Top of The data

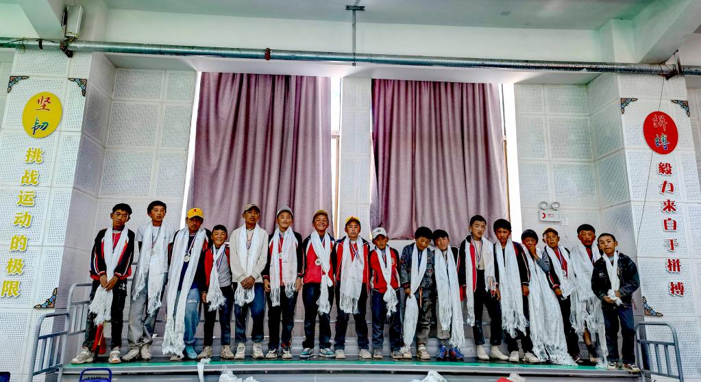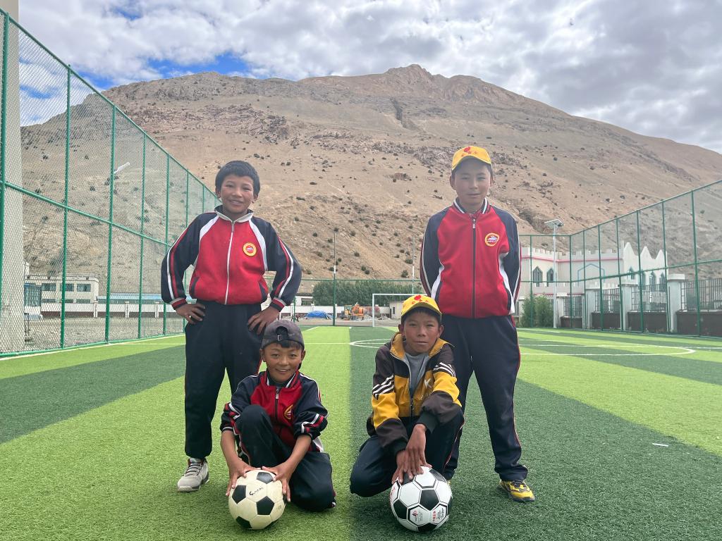 今年6月畢業(ye) 前夕,格旦曲桑(前左)和同學在紮西宗鄉(xiang) 完全小學的足球場上合影留念
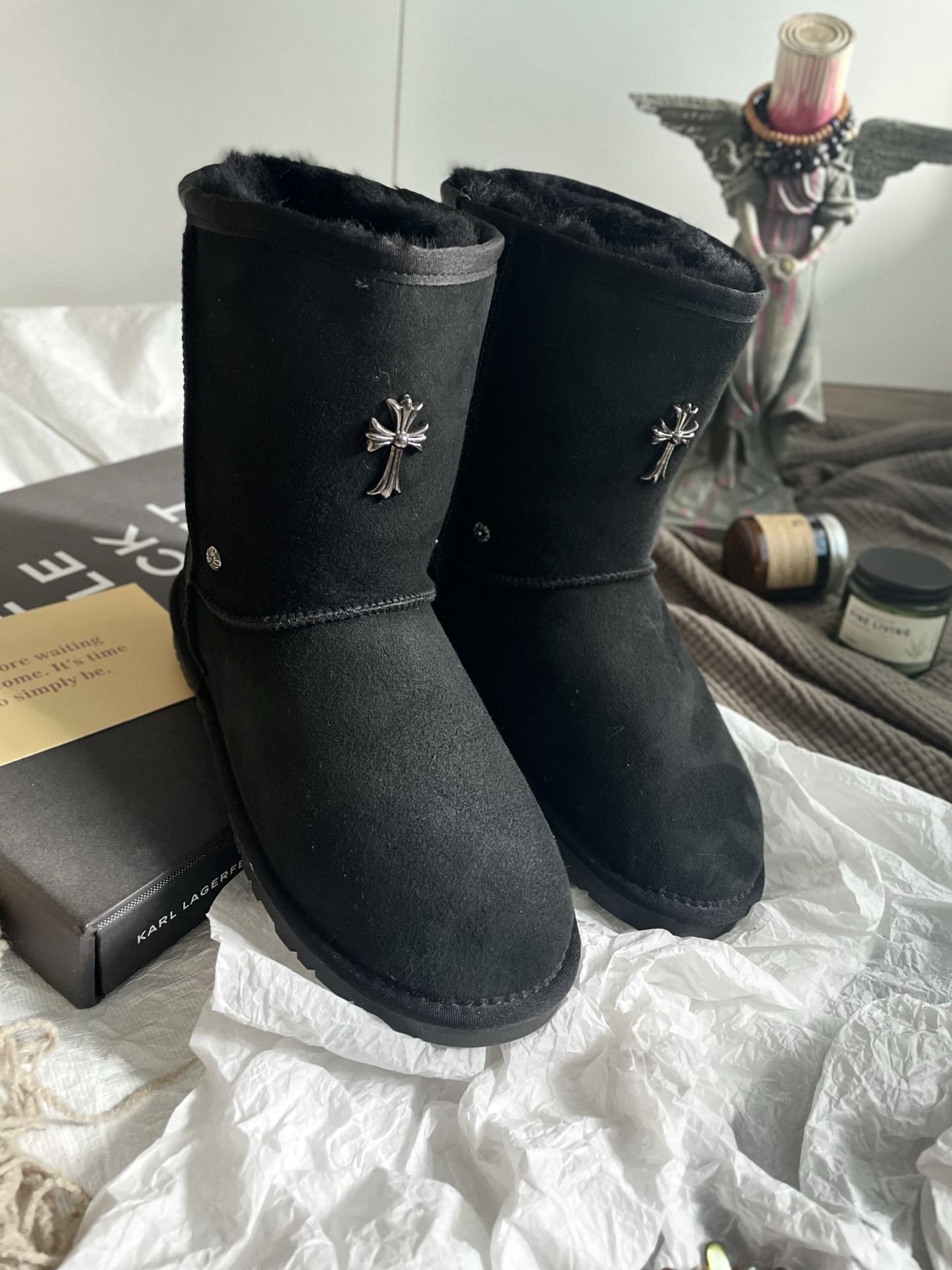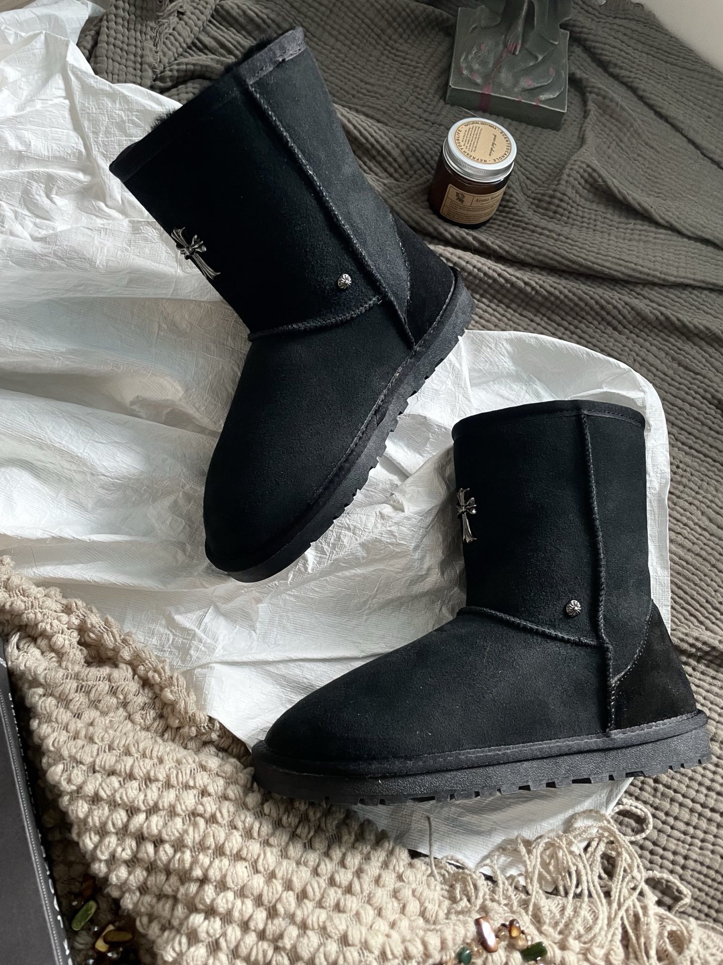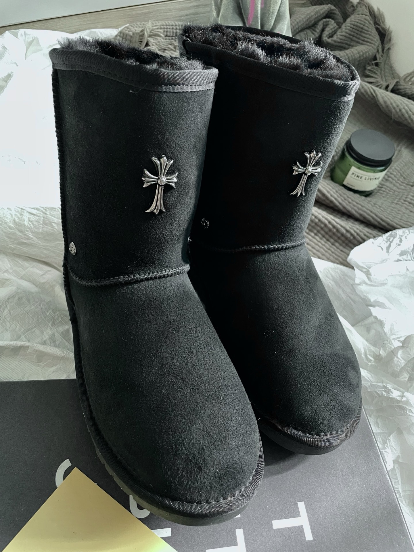 这款鞋子是AAAAA 1:1 质量 (非常棒). 使用了和原版一模一样的材料. 商标部分也保持了和克罗心/Chrome Hearts一样. 图片拍摄是实物鞋子拍摄, 您所收到的实物保证和我们图片一模一样.
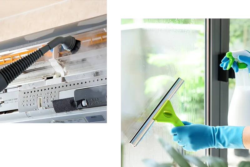 お客様一人ひとりに安心してご利用いただける清掃サービスを目標に、静岡市を中心に県内における清掃サービスを提供しております。毎年多くのご依頼をいただくなかで、一つひとつの案件に真摯に向き合い、納得のいく価格と品質を追求してまいります。作業内容や清掃箇所、広さなどに関係なく、誠実で正直な対応に努めております。また、専門性の高いハウスクリーニングとエアコンクリーニングの技術を持つだけではなく、様々な会社様と提携することで、より多くの機種や汚れをケアできる体制によってコストも抑えます。
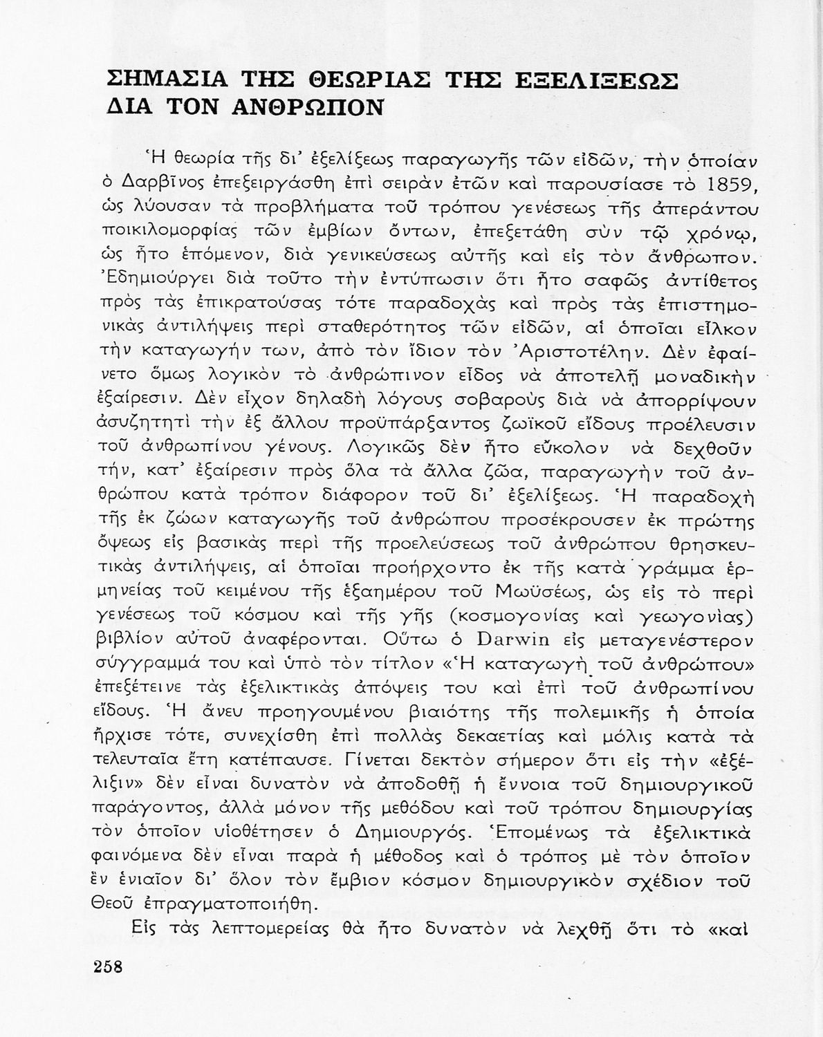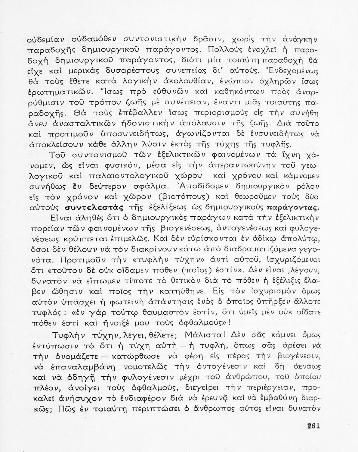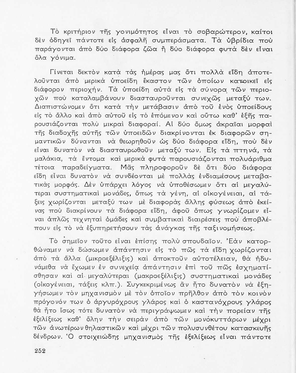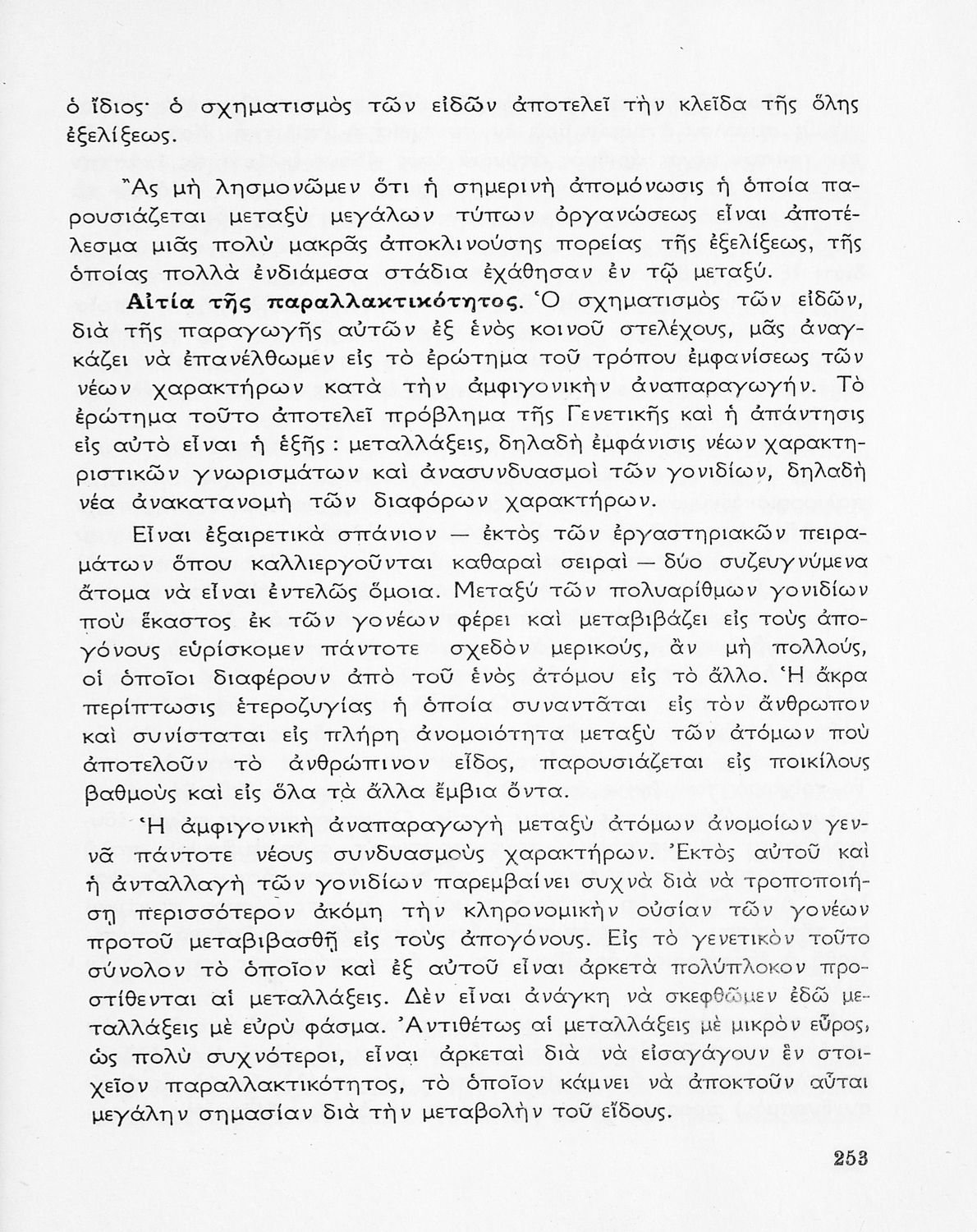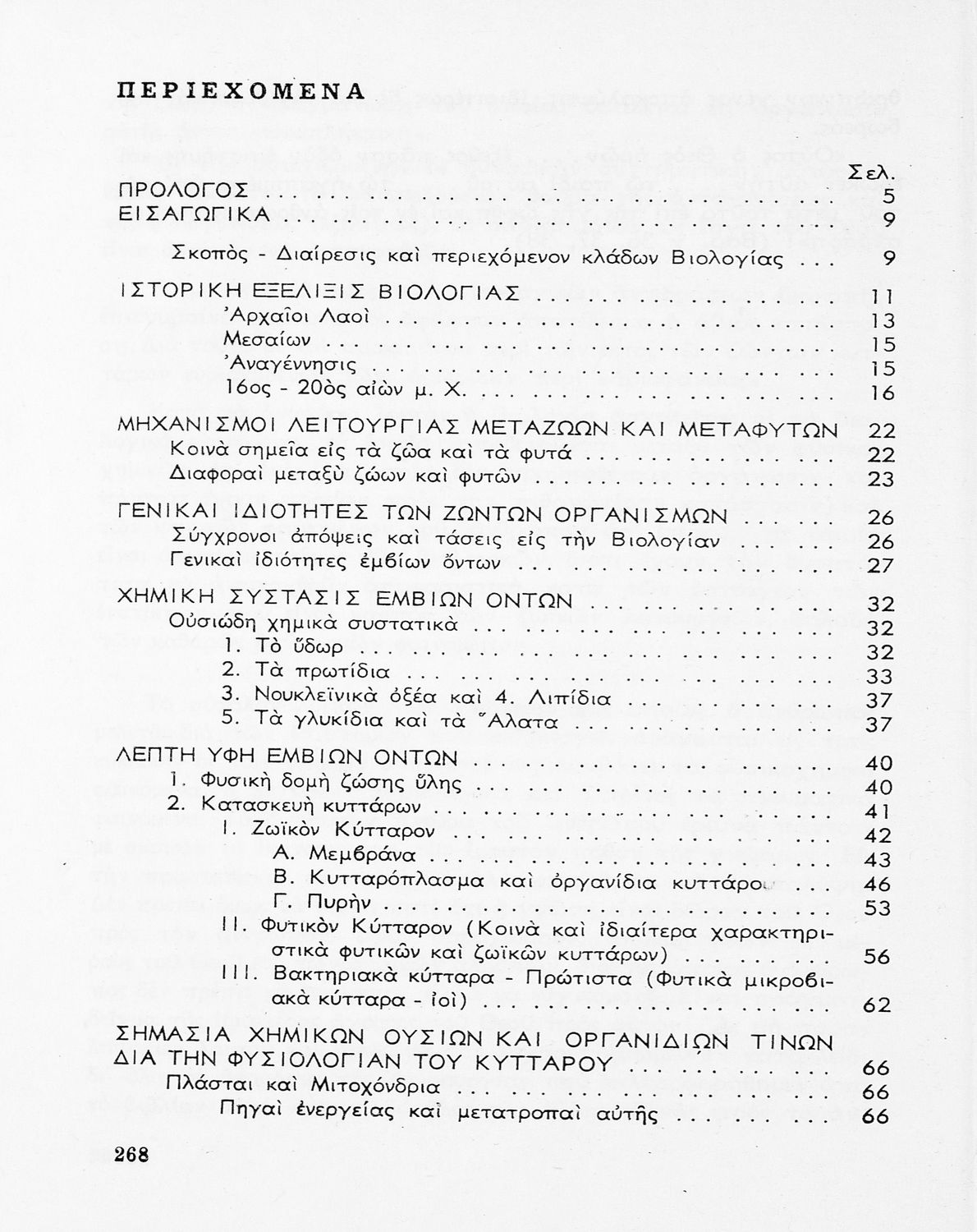 Σχολικό εγχειρίδιο Βιολογίας ΣΤ΄ Γυμνασίου που εστιάζει στις συνθήκες γέννησης, μεταβολής και θανάτου των έμβιων οργανισμών. Φέρει το σύμβολο της δικτατορίας. Ο συγγραφέας ήταν υφηγητής του Πανεπιστημίου Αθηνών.
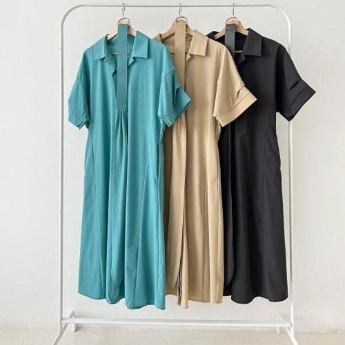 [신상오픈런]|CSO384D|치크라 카라 숏슬리브 스모크 여성 긴원피스 벨트_18171118_597559
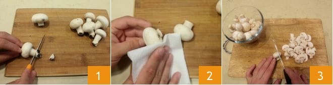 To prepare the messy tortiglioni, start with the How to Clean Porcini Mushrooms; with a sharp knife with a smooth blade, begin to remove the earthy part on the stem 1, scraping it gently until any trace of soil is removed. If the mushrooms are quite clean, remove the few traces of soil with a brush or a cotton cloth 2 (if they are still very dirty, pass them quickly under a jet of cold running water). Once cleaned, cut the whole mushrooms lengthwise 3 and set aside.

Bottom of The data

§ Problem:
Exclude images. Return the data above verbatim.

§ Problem solution:
 今年6月畢業(ye) 前夕,格旦曲桑(前左)和同學在紮西宗鄉(xiang) 完全小學的足球場上合影留念
 这款鞋子是AAAAA 1:1 质量 (非常棒). 使用了和原版一模一样的材料. 商标部分也保持了和克罗心/Chrome Hearts一样. 图片拍摄是实物鞋子拍摄, 您所收到的实物保证和我们图片一模一样.
 お客様一人ひとりに安心してご利用いただける清掃サービスを目標に、静岡市を中心に県内における清掃サービスを提供しております。毎年多くのご依頼をいただくなかで、一つひとつの案件に真摯に向き合い、納得のいく価格と品質を追求してまいります。作業内容や清掃箇所、広さなどに関係なく、誠実で正直な対応に努めております。また、専門性の高いハウスクリーニングとエアコンクリーニングの技術を持つだけではなく、様々な会社様と提携することで、より多くの機種や汚れをケアできる体制によってコストも抑えます。
 Σχολικό εγχειρίδιο Βιολογίας ΣΤ΄ Γυμνασίου που εστιάζει στις συνθήκες γέννησης, μεταβολής και θανάτου των έμβιων οργανισμών. Φέρει το σύμβολο της δικτατορίας. Ο συγγραφέας ήταν υφηγητής του Πανεπιστημίου Αθηνών.
 [신상오픈런]|CSO384D|치크라 카라 숏슬리브 스모크 여성 긴원피스 벨트_18171118_597559
 To prepare the messy tortiglioni, start with the How to Clean Porcini Mushrooms; with a sharp knife with a smooth blade, begin to remove the earthy part on the stem 1, scraping it gently until any trace of soil is removed. If the mushrooms are quite clean, remove the few traces of soil with a brush or a cotton cloth 2 (if they are still very dirty, pass them quickly under a jet of cold running water). Once cleaned, cut the whole mushrooms lengthwise 3 and set aside.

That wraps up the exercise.